03 Au-Dehors
Berceau du caprice, la forêt mystique surprend au moindre clignement des paupières. D’un sentier à l’autre, la densité végétale passe de clairsemée à oppressante, tandis que les branches se rejoignent sur votre passage pour dessiner d’occultes visages. Tantôt brumeuse, tantôt éclairée de milliers de faisceaux, ce n’est pas tant tourner en rond qui pose problème que de savoir si l’on est déjà passé par ces bois fluctuants. La forêt, comme guidée par une dichotomie poétique, peut vous présenter deux fruits semblables ; le premier empoisonne, le second revigore.
Si le Havre possède son propre cimetière pour les corps de ses défunts, le cimetière des âmes s’est établi de lui-même dans les marécages. Les voix d’outre-tombe y prolifèrent, les esprits se mêlent à l’eau croupie et se dissolvent entre les brindilles mortes de bosquets sombres. La forêt mystique foisonne de vies multiples, tandis que les marécages ne connaissent que la désolation. Quelque tragédie a comme ravagé sa surface.

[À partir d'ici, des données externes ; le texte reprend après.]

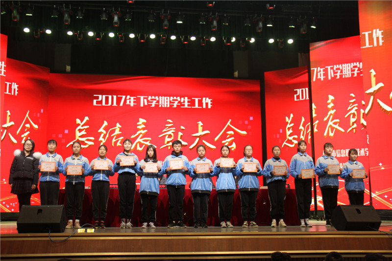 会上🤾🏽,学生科科长周曦对2017年下学期学生工作进行了全面总结,既肯定了上学期同学们所取得的成绩,同时也为学生本学期的学习指明了方向,并对大家提出殷切期望👳🏿:希望大家扬长避短,总结经验🥍👷🏽♂️,改进不足,争取在这个学期取得更大的进步➞。学生科副科长彭繁珍宣读了2017年下学期优秀集体和优秀个人获奖名单💁,周文华等与会领导为获奖班主任及学生颁奖。接下来⛹🏻♂️,学生代表1615班李雨洁发言,她用自身奋斗经历告诉学弟学妹们,只要有目标🧑🏼⚕️、肯拼搏🤽🏽♂️,付出终会有回报🦺,平凡人也有人生出彩的机会。

En parvenant à ces terres, vous aurez soit traversé les marécages, soit la forêt mystique. Des félicitations sont à l’ordre du jour. Mais en poursuivant votre chemin, vous connaîtrez des épreuves au-delà de ce qui est humainement supportable. Les températures chutent considérablement d’un pas à l’autre, et la glace s’étend jusqu’à l’horizon. Peut-être qu’au-delà de ces monts enneigés se trouve la salvation de l’humanité ? De nombreux citoyens en font la prière, avant de se perdre à jamais dans le blizzard.
Que ce soit la nuit ou le jour, en état d’ébriété ou de sobriété, plongé dans un sommeil paradoxal ou enivré par un état second, le plan onirique appelle les Havriens et les invite à y demeurer. Ils s’y perdent pour quelques heures, s’oubliant pour un temps indéfini tant les secondes d’y effacent. On ne peut jamais trop savoir ce qui relève de l’hallucination, de la prémonition ou de l’imagination d’un cerveau trop stimulé par son environnement.